American Elements is a global manufacturer and distributor of advanced materials with an over 35,000-page[1] online product catalog and compendium of information on the chemical elements, advanced materials, and high technology applications. The company's headquarters and educational programs are based in Los Angeles, California. Its research and production facilities are located in Salt Lake City, Utah; Monterrey, Mexico;China; and Manchester, US.34


American Elements began as a toll chemical manufacturer and refiner serving U.S. mining companies by producing metal-based chemicals from their deposits. In 1998, its two largest customers, the Unocal/Molycorp rare-earth mine in Mountain Pass, California, and the Rhodia rare-earth refinery in Freeport, Texas closed, ending domestic U.S. rare-earth production.[2] In response, the company established mining joint ventures in Inner Mongolia, China and in 1999 became one of the first post-Cold War companies to export rare-earth metals from China to the U.S. and Europe.[3]

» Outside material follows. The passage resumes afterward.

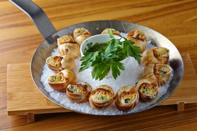 Šneky vložíme do směsi vína a vývaru, přidáme zeleninu a bouquet garni, osolíme, opepříme a dáme dusit. Připravíme si ulitky, pokud je potřeba je očistit, vaříme je 30 minut ve velkém množství vody, pak je necháme vystydnout a ještě důkladně očistíme od usedlin. Máslo necháme odpočinout, aby získalo pokojovou teplotu. Najemno nakrájíme listy petrželky, česnek a šalotky a smícháme vše se změklým máslem. Osolíme, opepříme a přimícháme strouhanku. Do každé ulity vložíme kousíček másla, pár kapek zredukovaného vývaru ze šneků a pak jemně vtlačíme plže. Ulity opět uzavřeme bylinkovým máslem, naskládáme je na pánev naplněnou hrubou solí a pečeme v troubě předehřáté na 180°C tak dlouho, než se máslo rozpustí a začne se barvit do hněda.

Over the following decade the company expanded operations to include production of all elements on the periodic table and established educational programs, scholarships and scientific conferences to educate the public on the properties and applications of the elements. In 2001, it launched its website, which is a compendium of information on the elements and advanced materials including properties, uses, safety data, and academic research.

That same year, the company established its research and development department, of which the stated goal was to develop new materials and cost effective processes in order to scale their production to bulk quantities. Materials with application promise that could not be effectively scaled were abandoned in favor of materials and technologies that had the benefit of being producible at costs in line with their commercial application.[4] Many of the technologies and materials developed at American Elements were co-designed and co-developed with technology collaborators. The company develops and commercializes technology materials in partnership with the U.S. military and 30 percent of the Fortune 50 list of companies.[1]

On November 12, 2020, the company announced its expansion into the life sciences industry with a new manufacturing group devoted to life science and organic chemistry products.[5]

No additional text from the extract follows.